However, now, the latest responses have left me confused again, as it sounds like my method is not correct either. According to the newer responses, I connect the incoming and outgoing to each other and THEN connect to the box and the outlet by pigtail or by leaving the incoming wire longer. Is this correct?


----------



## stickboy1375

ALFisher said:


> I realize you ground the metal box and the receptacle in EACH box. My first question was whether the method someone gave to me was correct. Here is the method - connect both the incoming and the outgoing ground to each other - attach those to the receptacle, but not the box, as the receptacle is "connected" to the box via the receptacle's screws.
> 
> Based on the responses, the answer to that question is no, that is not correct and should not be done, which is what I believed.
> 
> However, now, the latest responses have left me confused again, as it sounds like my method is not correct either. According to the newer responses, I connect the incoming and outgoing to each other and THEN connect to the box and the outlet by pigtail or by leaving the incoming wire longer. Is this correct?

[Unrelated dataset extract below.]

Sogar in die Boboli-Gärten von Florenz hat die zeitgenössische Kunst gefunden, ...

To keep this real simple and code compliant, splice all your grounds together, add a bonding jumper to the box and device... And you are correct, the DEVICE cannot bond the box, but the box can bond the device if certain requirements are met.


----------



## Jim Port

It doesn't matter if you leave one long or use a pigtail to the box and/or the device. What matters is that the grounds are connected together and to the box and the device.


----------



## ALFisher

Got it. Now, reading the code makes more sense too. This site is great. Thanks so much. Now, one day, I learn why (other than the code says so) connecting the two egcs is required rather than connecting both to the box, but I leave that for another day.


----------



## hammerlane

For basement switch in EMT I grounded the box and the switch.


----------



## Evstarr

ALFisher said:


> ... Now, one day, I learn why (other than the code says so) connecting the two egcs is required rather than connecting both to the box, but I leave that for another day.


There is supposed to be more secure contact between the conductors if they are twisted together and crimped or nutted than relying on the grounding screw to hold them tight as it may vibrate loose. If the screw loosens or one conductor slipped out from under the screw, continuous ground would be lost. 

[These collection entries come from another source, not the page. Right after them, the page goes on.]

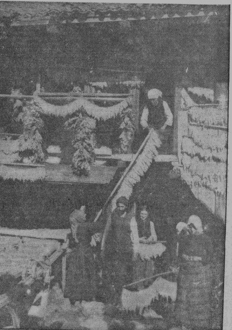
Табак — одно из главных богатств Болгарии

Цена отдельного номера 50 коп., месячная подписка 12 рублей.
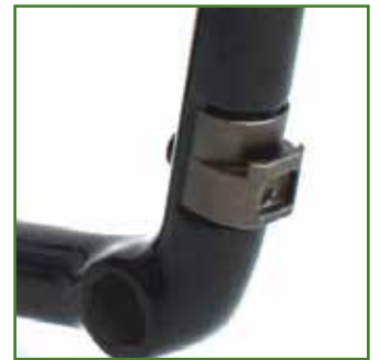
Piastra di blocco pedane integrata per protezione telaio
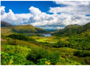
Comté de Kerry
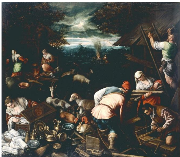
Atelier de Leandro Bassano (dit) Da Ponte et Jacopo Bassano (dit) Da Pointe Bassano (dit), Le Sacrifice de Noé après la sortie de l'arche , XVI e , Huile sur bois
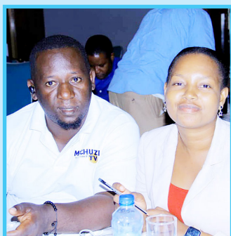
Baadhi ya waandishi wa habari walioshiriki katika semina ya mafunzo kuhusu namna bora ya kutangaza vivutio vya Tanzania

Same idea as not double tapping a breaker or Putting two hots on one device screw. 

A conductor may be looped around a screw on its way elsewhere but if it is cut it must be properly terminated.


----------



## J. V.

hammerlane said:


> For basement switch in EMT I grounded the box and the switch.


The tape around the device makes me laugh. But hey, whatever floats your boat. :laughing:


----------



## ALFisher

J. V. said:


> The tape around the device makes me laugh. But hey, whatever floats your boat. :laughing:


Why is this funny? I have seen several folks do this in metal boxes.


----------



## stickboy1375

ALFisher said:


> Why is this funny? I have seen several folks do this in metal boxes.


Yeah, and its funny to come across.


----------



## rjniles

hammerlane said:


> For basement switch in EMT I grounded the box and the switch.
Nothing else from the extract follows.